In the listing that follows, how many lines include the string "Figure"? Reply with only the number.

SOURCE MATERIAL:
┌──
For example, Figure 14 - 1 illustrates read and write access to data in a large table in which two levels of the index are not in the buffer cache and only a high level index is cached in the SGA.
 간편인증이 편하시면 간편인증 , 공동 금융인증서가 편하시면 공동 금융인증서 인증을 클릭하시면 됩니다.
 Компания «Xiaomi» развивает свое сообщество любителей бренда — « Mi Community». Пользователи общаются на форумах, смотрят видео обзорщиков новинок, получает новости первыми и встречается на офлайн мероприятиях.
└──
┌──
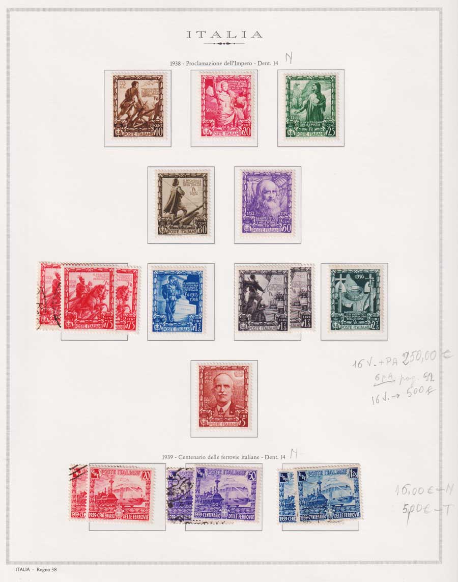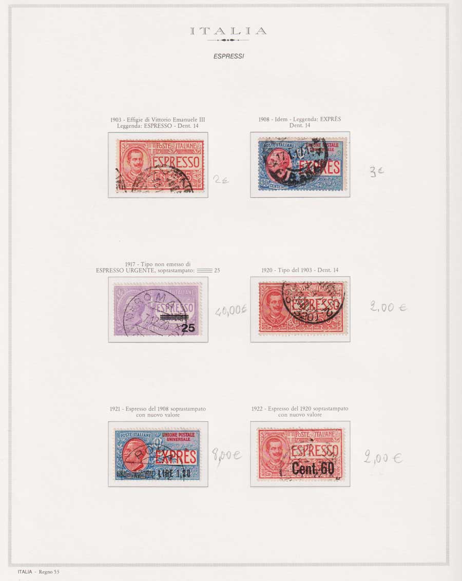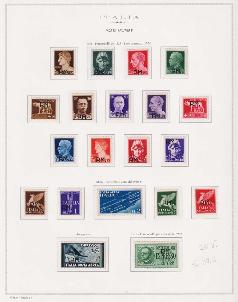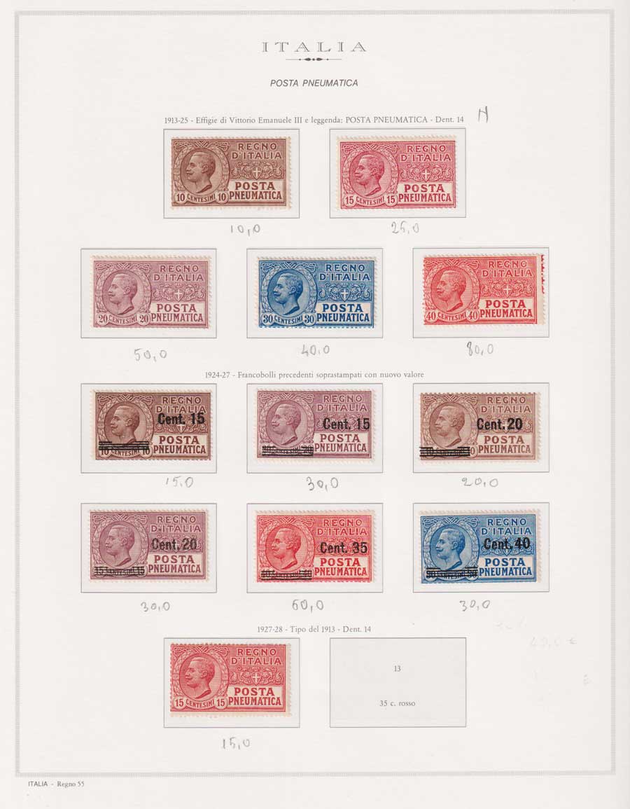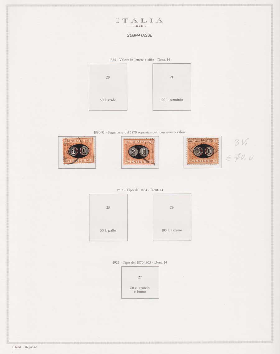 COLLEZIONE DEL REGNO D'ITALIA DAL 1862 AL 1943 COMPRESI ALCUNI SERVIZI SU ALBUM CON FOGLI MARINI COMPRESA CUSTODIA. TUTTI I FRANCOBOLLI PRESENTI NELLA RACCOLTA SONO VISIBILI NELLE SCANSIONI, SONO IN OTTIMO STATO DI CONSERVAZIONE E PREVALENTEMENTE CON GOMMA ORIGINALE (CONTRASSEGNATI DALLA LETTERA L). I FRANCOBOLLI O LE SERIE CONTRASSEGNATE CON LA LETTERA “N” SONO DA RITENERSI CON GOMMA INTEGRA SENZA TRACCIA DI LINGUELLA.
└──
┌──
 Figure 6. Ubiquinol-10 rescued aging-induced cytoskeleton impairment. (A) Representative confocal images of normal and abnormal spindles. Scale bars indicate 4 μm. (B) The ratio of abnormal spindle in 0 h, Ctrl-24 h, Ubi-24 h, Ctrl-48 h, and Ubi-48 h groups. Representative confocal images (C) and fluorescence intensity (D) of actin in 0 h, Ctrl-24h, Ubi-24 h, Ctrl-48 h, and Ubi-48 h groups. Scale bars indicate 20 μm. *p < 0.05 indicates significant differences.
└──
YOUR RESPONSE:
2